En muchos de nuestros centros se está viviendo en primera persona lo que supone la acogida de los refugiados. En el reciente Congreso de Escuelas Católicas, celebrado el pasado mes de noviembre, tuvimos oportunidad de escuchar el impactante testimonio del director de uno de ellos. A medida que el calendario avanza, esta experiencia se va repitiendo cada día en más centros. A otros quizá no les toque acoger directamente, pero se están implicando de diferentes maneras en la ayuda a los desplazados por la guerra, organizando numerosas actividades solidarias y teniéndolos presentes en sus reflexiones, oraciones y celebraciones.

“En muchos de nuestros centros se está viviendo en primera persona lo que supone la acogida de los refugiados”

Hace unos días tuve oportunidad de visitar un centro donde conviven alumnos procedentes de muchos países diferentes. Entre ellos, ucranianos y rusos; niños y adolescentes que han visto sus vidas truncadas por la guerra, que están experimentando pérdidas irreparables y enfrentan el futuro con total incertidumbre. Acompañados por sus profesores y compañeros, van dando sus primeros pasos de integración en esta realidad nueva y desconocida. Se manifestaban contentos y agradecidos por estar en el colegio, pero, incluso sonriendo, sus miradas permanecían tristes.

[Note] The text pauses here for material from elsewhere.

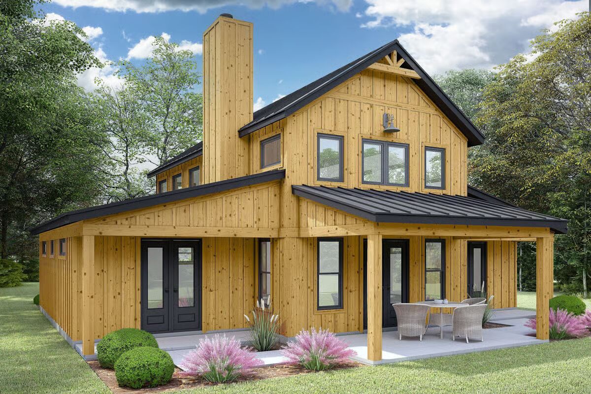 Built in a barndominium style with conventional 2×6 framing, this plan combines timeless design with lasting durability. Perfect for families or those seeking a stylish yet functional single-level layout, this home balances open living with private retreats.

Me impactó especialmente ver, en uno de los cursos de Secundaria, a dos chicos, uno ucraniano y otro ruso, sentados juntos y compartiendo su trabajo; una imagen que permanece grabada en mi corazón.

Dialogando con el profesorado y con miembros del AMPA, pude constatar el esfuerzo de unos y otros por integrar a los que vienen de fuera, tanto dentro del ámbito escolar como fuera de él. También vislumbré que los alumnos viven esta experiencia acogiendo con valentía los retos que supone y apreciando su riqueza. Percibí una comunidad educativa comprometida enteramente en la acogida. En medio del estremecimiento que me supuso el acercarme, aunque fuera brevemente, a algunas situaciones, me quedé contenta, agradecida y, sobre todo, esperanzada.

La guerra nos hace sentirnos impotentes. Sin embargo, en el día a día, tenemos a nuestro alcance multitud de gestos que construyen paz. Desde lo pequeño, sin hacer ruido, sin darse importancia, nuestras comunidades educativas siembran semillas de esperanza, y alimentan el deseo de un mundo donde todos podamos vivir en fraternidad.